A projectile is fired with an initial speed of 36.6 m/s at an angle of 42.2 above the horizontal on a long flat firing range. Determine (a) the maximum height reached by the projectile, (b) the total time in the air, (c) the total horizontal distance covered (that is, the range), and (d) the speed of the projectile 1.50 s after firing
Answers
Answer
(a) 30.84m
(b) 5.01s
(c) 136m
(d) 47.7m/s
Explanation
we are given
initial speed, u = 36.6m/s
angle Ф = 42.2°
acceleration of gravity = 9.8m/s²
(a) maximum height = u²sin²Ф/ 2g
= 36.6²sin²(42.2) / 2(9.8)
= 30.84m
(b) total time in air = 2u*sin(Ф)/g
= 2 (36.6)sin(42.2)/9.8
= 5.01s
(c) total horizontal distance covered = u²sin(2Ф)/g
= (36.6)²sin(2*42.2)/9.8
= 136m
(d) the speed of projectile after 1.50s after firing:
To solve this we will split the initial velocity into 2 directions, x and y.
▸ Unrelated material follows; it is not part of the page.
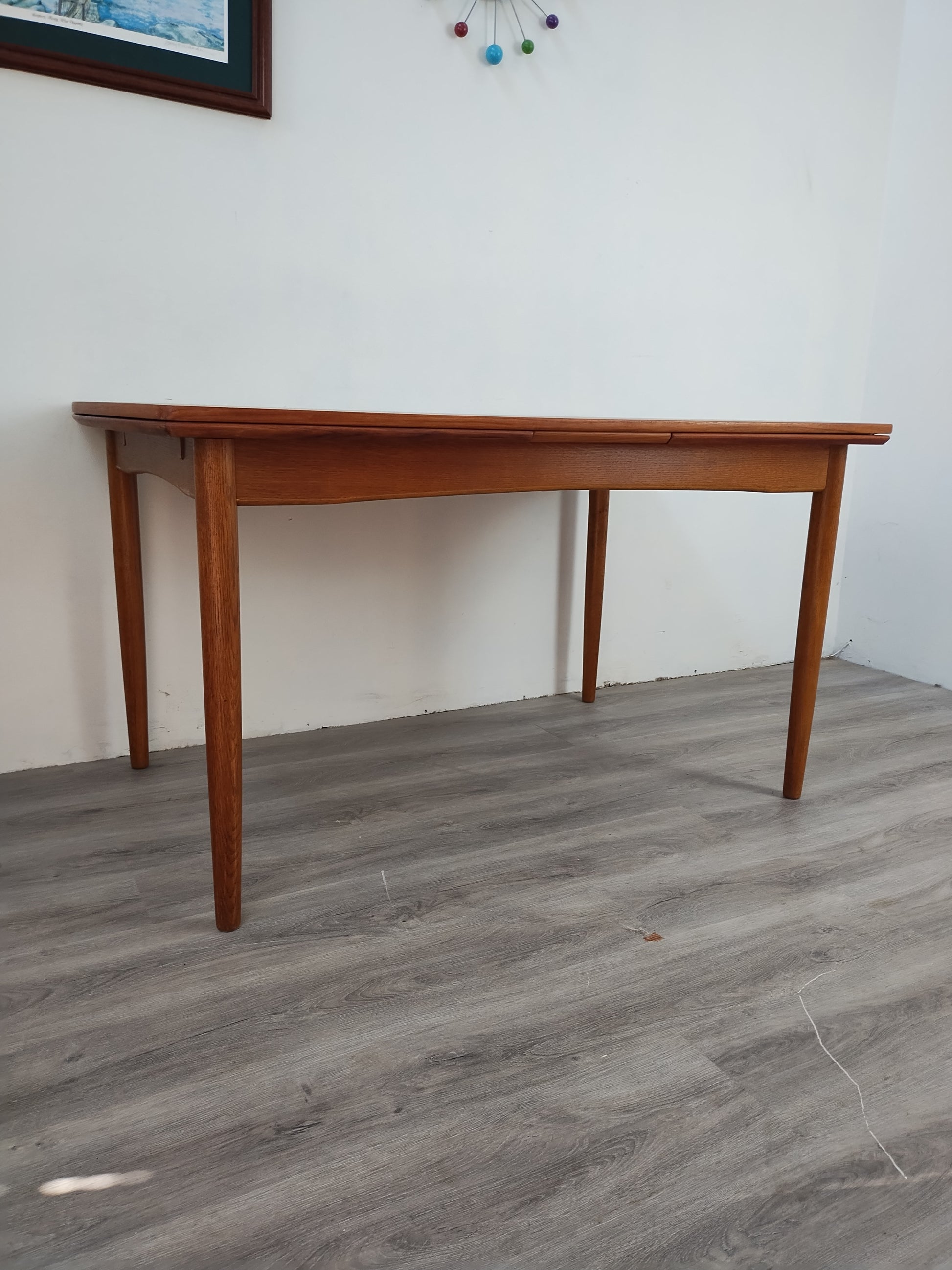 This beautifully crafted Danish teak dining table offers timeless mid-century style and exceptional functionality. Designed with clean Scandinavian lines and rich, warm teak grain, it’s the perfect blend of form and function.

Start with finding 'u' in y direction by using the following equation:
u(y) = u*sin(Ф)
= 24.6m/s
now use this equation:
v(y)=u(y)+a*t where v in the final speed
= 24.6 + 9.8(1.50)
= 39.3 m
Ignoring air resistance, assume the velocity in the x direction is constant so it remains Vix which can be solved using:
u(x)=u*cos(Ф)
= 36.6cos(42.2)
= 27.11 m/s
and
v(x)=u(x)
Now, solve for V (final velocity) using:
V= √(vx²)+(vy²)
= √39.3² +27.11²
= 47.7m/s
Answer:
What he said but D = 28.9 m/s ...
Explanation:
... make sure to use a negative acceleration (-9.8m/s^2) as opposed to a positive because gravity is a downward force therefore in this problem it is negative.